An excellent example of the power of police co-operation in international investigations and operations, INTERPOL’s IMEST team in South Africa enjoyed outstanding collaboration from SAPS (detectives unit, crime intelligence, and special investigation units), police liaison officers from the 32 participant countries and representatives of the Southern Africa Regional Police Chiefs Co-operation Organisation (SARPCCO), in addition to FIFA staff.

“From what I have seen, FIFA has spared no efforts to make clear the priority it places on supporting the South African Police Service’s and INTERPOL’s efforts to ensure security for teams, visitors and the general public during the World Cup" commented INTERPOL’s Secretary General Ronald K. Noble in a media release circulated internationally on 12 May 2010.

INTERPOL support : a vital security component

This seven-week long IMEST was INTERPOL largest ever deployment, involving 50 people in the field and the 24-hour assistance of staff working with them from the General Secretariat headquarters in Lyon.

Their collective efforts served to assist SAPS secure its country and 2010 FIFA World Cup fans by making sure only genuine spectators and tourists were granted access to the country, and potential threats thwarted.

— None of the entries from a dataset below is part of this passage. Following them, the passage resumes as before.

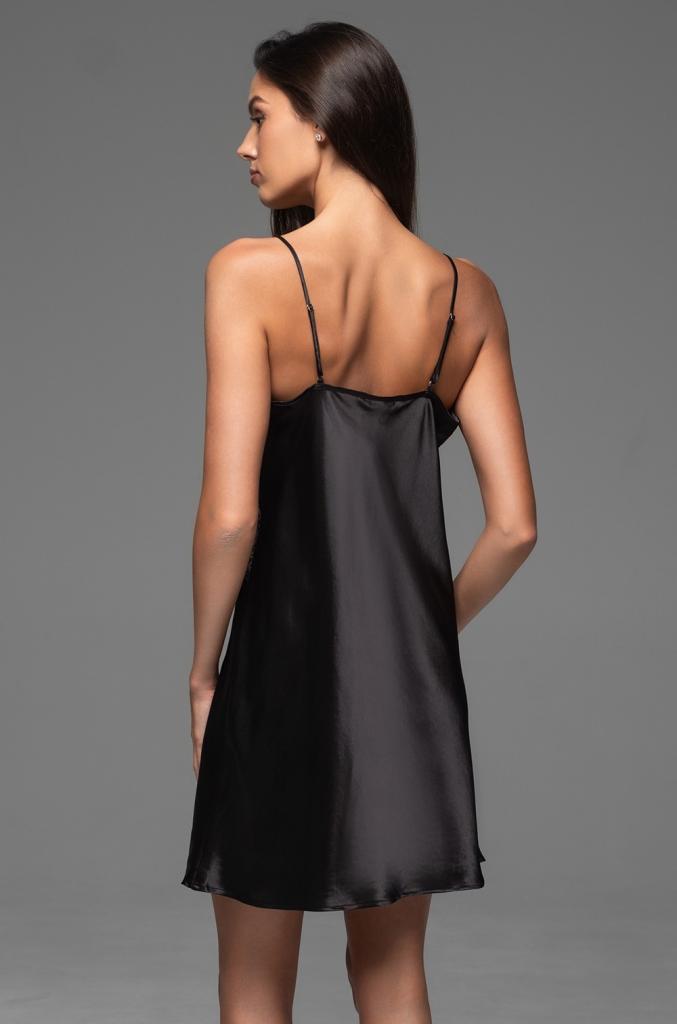 Короткая сорочка Mia-Amore на тонких регулируемых бретелях выполнена из однотонного смесового шёлка. Лиф сорочки богато декорирован вышивным мягким кружевом.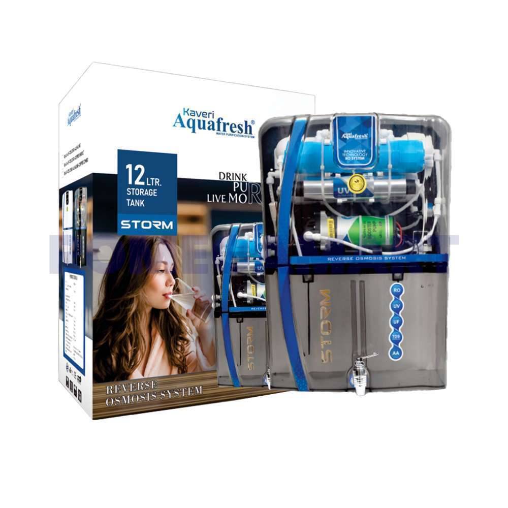 The Earth RO System Storm is a domestic water purifier with a 12-liter storage capacity, featuring RO (Reverse Osmosis), UV (Ultraviolet), UF (Ultrafiltration), TDS (Total Dissolved Solids) control, and alkaline technologies. This grey transparent water purifier effectively removes impurities, contaminants, and harmful substances from water while adding beneficial minerals to enhance taste and health benefits. The transparent design allows you to monitor the filtration process visually. Ideal for home use, the Earth RO System Storm ensures a continuous supply of clean and safe drinking water. Easy to install and maintain, this water purifier is a reliable choice for improving water quality and overall health.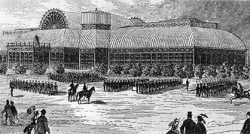 Volunteer detachments of the Red River Expeditionary Force, the 1st Ontario Rifles and the 2nd Quebec Rifles, drilling at the Crystal Palace, Toronto, 1870.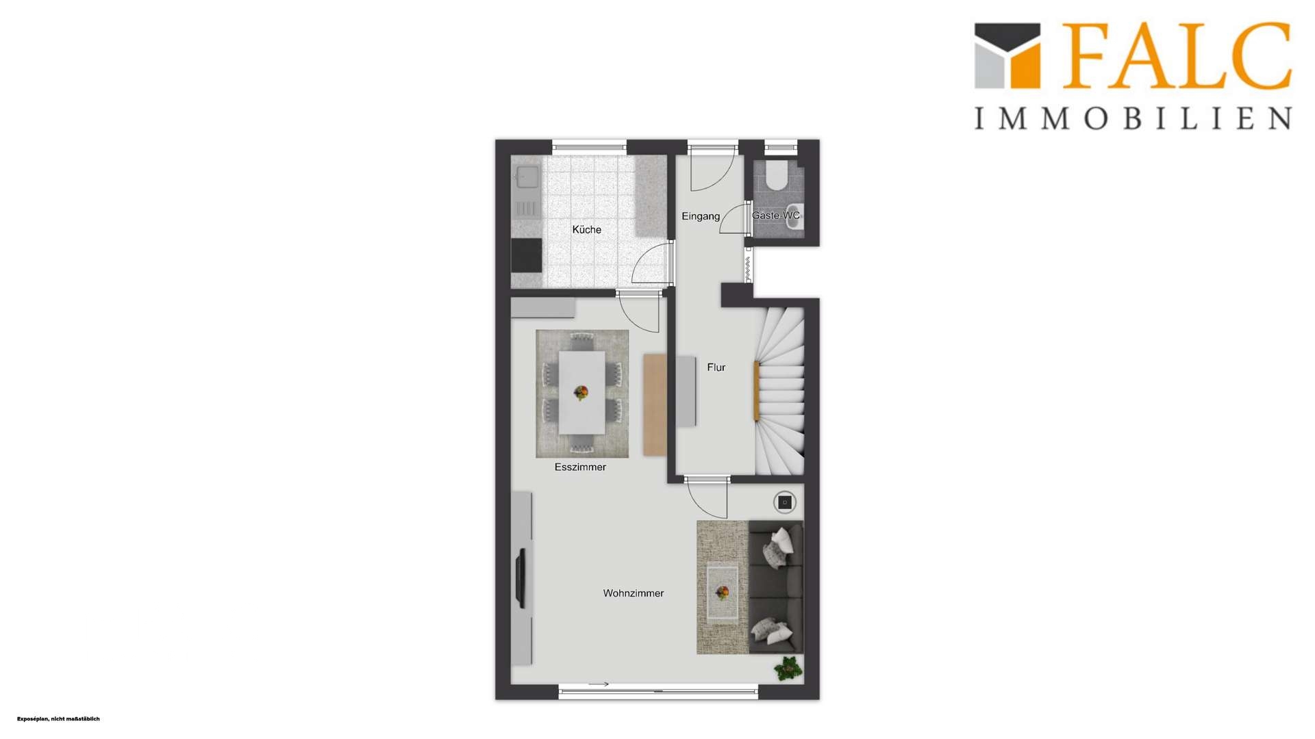 Zum Haus gehören - ein großzügiges Wohn- und Esszimmer - direkter Zugang zur Terrasse und Garten - eine separate Küche mit Gestaltungsmöglichkeiten - zwei gut geschnittene Kinderzimmer im Obergeschoss - ein Elternschlafzimmer mit angenehmer Größe (Nordausrichtung) - ein Badezimmer im Obergeschoss - ein Balkon im Obergeschoss (Südausrichtung) - Studio mit Vorinstallation Badezimmer - Keller mit viel Stauraum und zusätzlichem Nutzraum (z. B. Partyraum)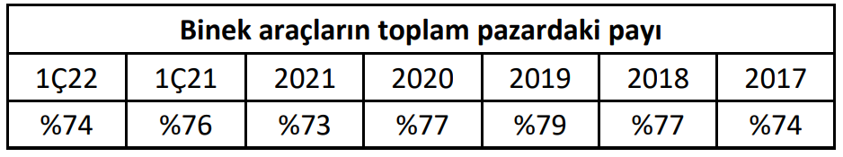 Yılın ilk çeyreğinde devam eden küresel çip tedarik sorunu kaynaklı araç bulunabilirliğinin azalması, üretim maliyetlerinde görülen artış ve döviz kuru hareketleri etkisiyle araç fiyatlarındaki yükseliş sebebiyle yurtiçi satışlarda daralma görülmüştür.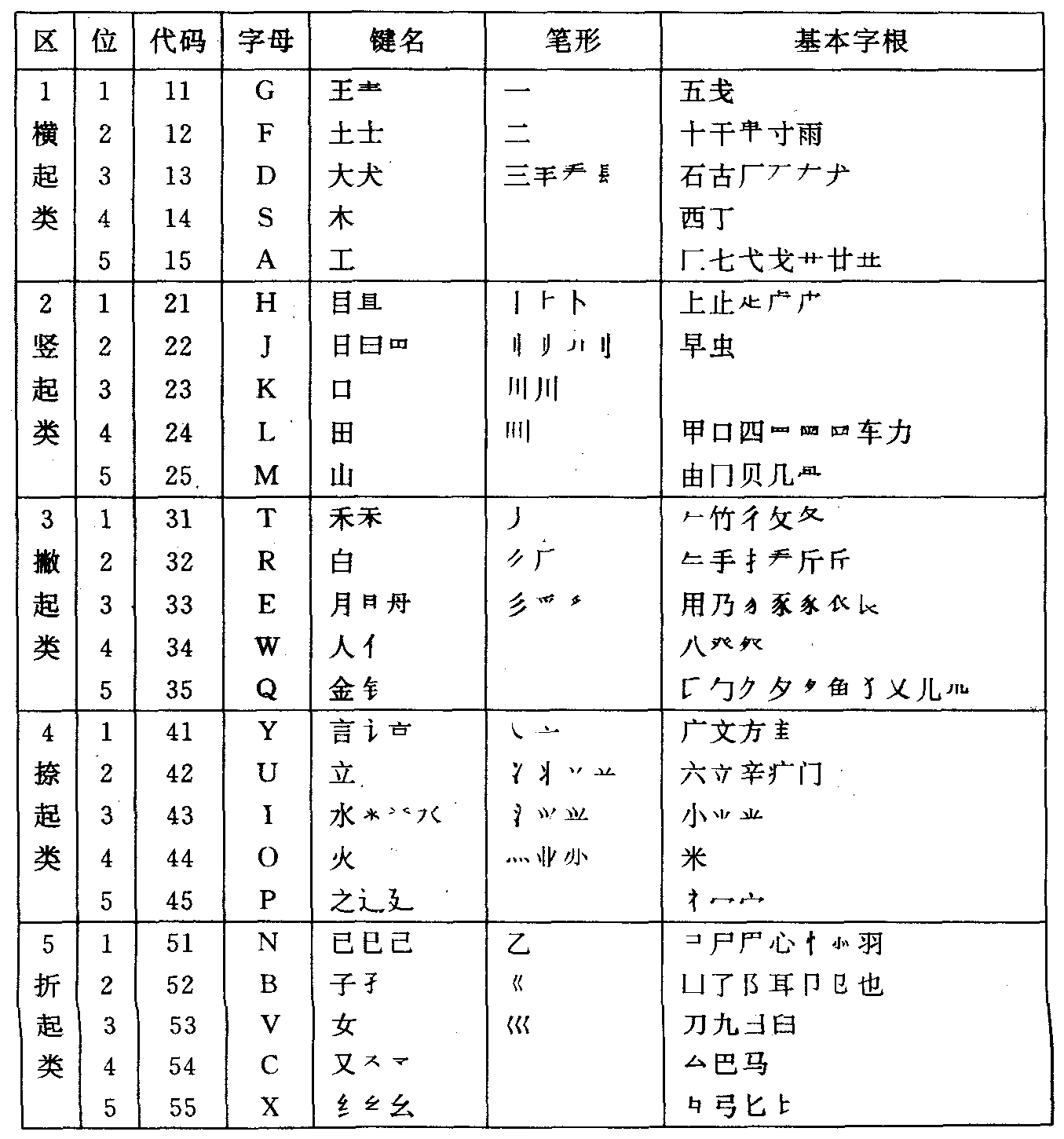 从字根在键盘上的区位分布可以看出,查找字根要注意下面几点: (一)定区:任何字根,第一笔的笔形代码就是它的区号,如下表所示。

Contributing to the safety and security of spectators, teams, officials, and residents of any country which hosts an international event, is a strong priority for the world’s largest police organization.  INTERPOL has provided assistance for a wide range of major events across the globe, including the Vancouver Winter Olympics earlier this year, Beijing Olympics, the 2006 FIFA World Cup in Germany and the 2007 Cricket World Cup hosted across nine countries in the Caribbean.  

The organization will continue to provide operational support in the field to assist member countries who host major events of this kind.  Further IMEST deployments are already being planned for the forthcoming 65th Session of the United General Assembly in New York, and for the Asian Games taking place in November in Guangzhou, China and with each IMEST deployment, behind it is the strength of police co-operation across 188 member countries.